The Lumberjack

Seeing is not believing: hidden disabilities in science students

HSU cellular and molecular biology majors Stephanie Valencia (left) and Shazi Saboori together in their lab in Science B on April 10. Photo by Nick Kemper.

Every morning, Humboldt State University senior and cellular molecular biology student Shazi Saboori wakes up next to a stack of pill bottles.

“Depending on the day, I take between 8-10 pills, including Adderall when I wake up,” Saboori said. “I then eat something small, lay in bed for 30-40 minutes and wait for the Adderall to kick in, and allow me to have access to my brain.”

Six months ago, Saboori was diagnosed with postural orthostatic tachycardia syndrome, or POTS.

“There’s a part of my brain that cannot regulate blood flow,” Saboori said. “This causes me to get blood pooling, have a sudden drop in blood pressure and almost faint.”

Saboori’s body attempts to increase the pressure drop through tachycardia, an extremely fast pumping of the heart while it’s at rest.

“At one point, my resting heart rate was 214 [beats per minute],” Saboori said.

In addition to tachycardia, POTS inhibits the left side of Saboori’s brain from communicating with the right side.

“In my classes, I can’t just read the book and understand the material,” Saboori said. “I take a long time to make a master study guide, and to write and rewrite the material. I still get mediocre scores on tests.”

POTS also causes Saboori to have anemia, or red blood cell deficiency, and gastric distress, which makes eating difficult. Saboori feels frustrated when people do not acknowledge her disorder, because it isn’t visible.

“Many people have told me, ‘You don’t look like you’re sick,'” Saboori said. “I’m not looking for pity, or for people to lower their expectations for me.
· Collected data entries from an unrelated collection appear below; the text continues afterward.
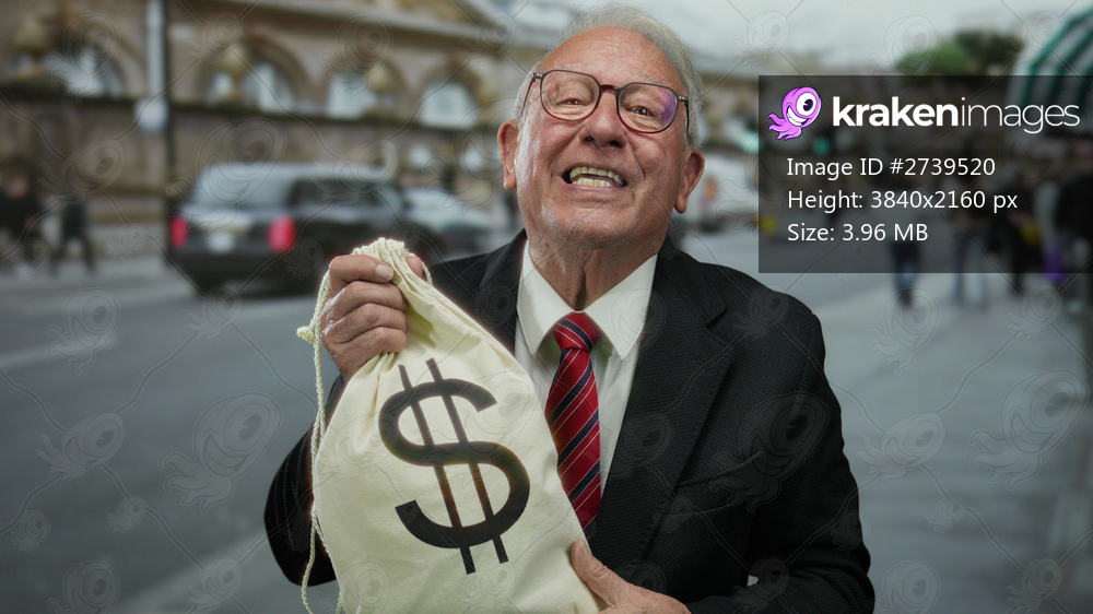 Senior man with dollar bag on bustling street symbolizes business success and corruption themes in urban setting.
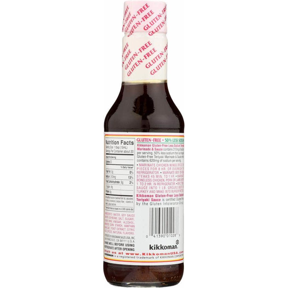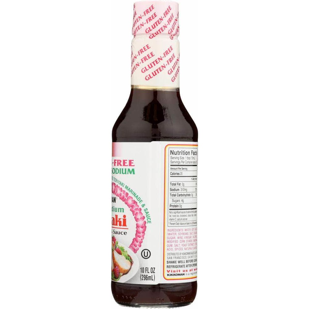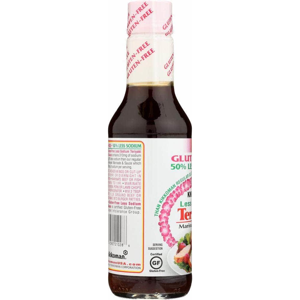 Kikkoman 50% Less Sodium Gluten-Free Teriyaki Marinade & Sauce is a premium teriyaki sauce that contains 50% less sodium than Kikkoman Gluten-Free Teriyaki Marinade & Sauce while maintaining the same rich, savory flavor and taste. Made using traditionally brewed soy sauce with four simple ingredients – water, soybeans, salt and sugar, it is certified gluten-free by the Gluten Intolerance Group (GIG).
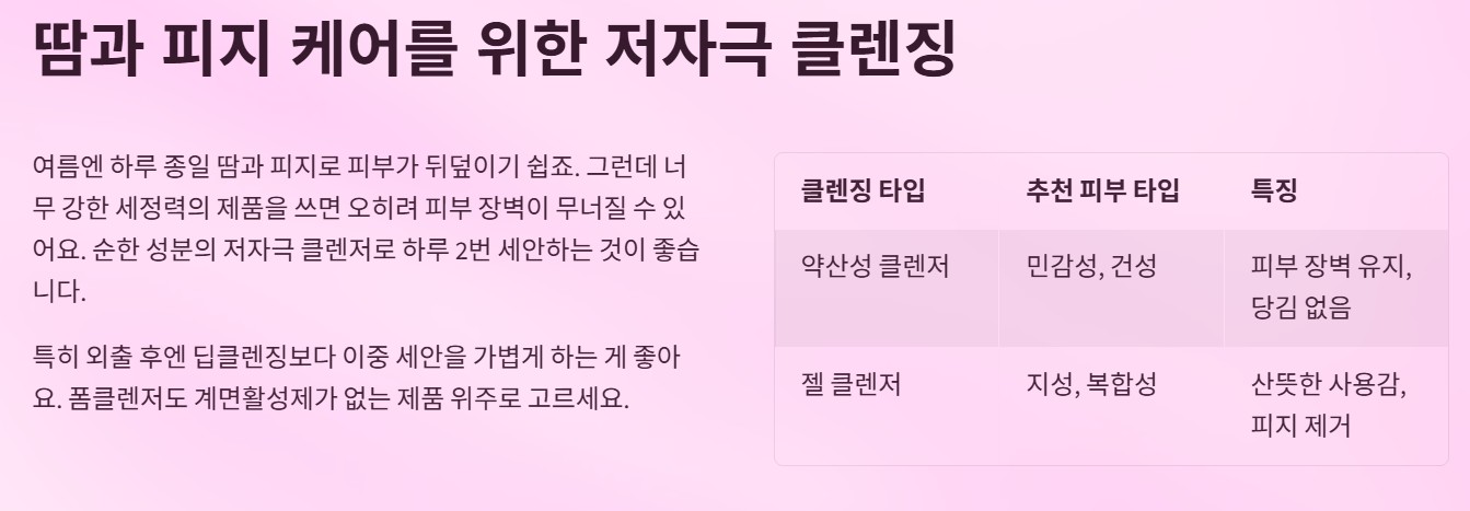 여름엔 하루 종일 땀과 피지로 피부가 뒤덮이기 쉽죠. 그런데 너무 강한 세정력의 제품을 쓰면 오히려 피부 장벽이 무너질 수 있어요. 그래서 저는 순한 성분의 저자극 클렌저로 하루 2번 세안하는 걸 추천드려요. 특히 외출 후엔 딥클렌징보다 이중 세안을 가볍게 하는 게 좋아요. 폼클렌저도 계면활성제가 없는 제품 위주로 고르고 있어요.

I’m looking for people to understand that [POTS] is not something I can control.”

Michelle Goldberg, another HSU senior cell/molecular biology student, has ankylosing spondilitis (AS).

AS is a form of rheumatoid arthritis (RA), which leads to joint degradation and inflammation of the surrounding membrane. Goldberg was first diagnosed at 12.

“For awhile, I went to a support group for people with RA,” Goldberg said. “Most of the people there were adults. I was there with my dad.”

RA causes Goldberg to experience pain in her lower body, center of spine, hips and joints.

“When I feel good, I go to the gym, and do a little bit of elliptical and weight,” Goldberg said. “If it’s bad, I take some Aleve and put a smile on my face. Some days, I can’t stand up straight. Luckily, this has only happened twice since I’ve been at HSU.”

Similar to Saboori, Goldberg recognizes that an invisible disability is not taken seriously.

“Sometimes, I can encounter people who say, ‘You’re fine.’ But really, I’m not,” Goldberg said. “You can’t see what I have until my knees are really inflamed, and turned red.”

Stephanie Valencia, also an HSU senior cell/molecular biology student, took eight years to finish a bachelor’s degree due to her hidden disorders.

“I became friends with my microbiology teacher at my community college,” Valencia said. “She told me to get tested for a learning disability. I didn’t always have the best grade, but she believed I was a good scientist.”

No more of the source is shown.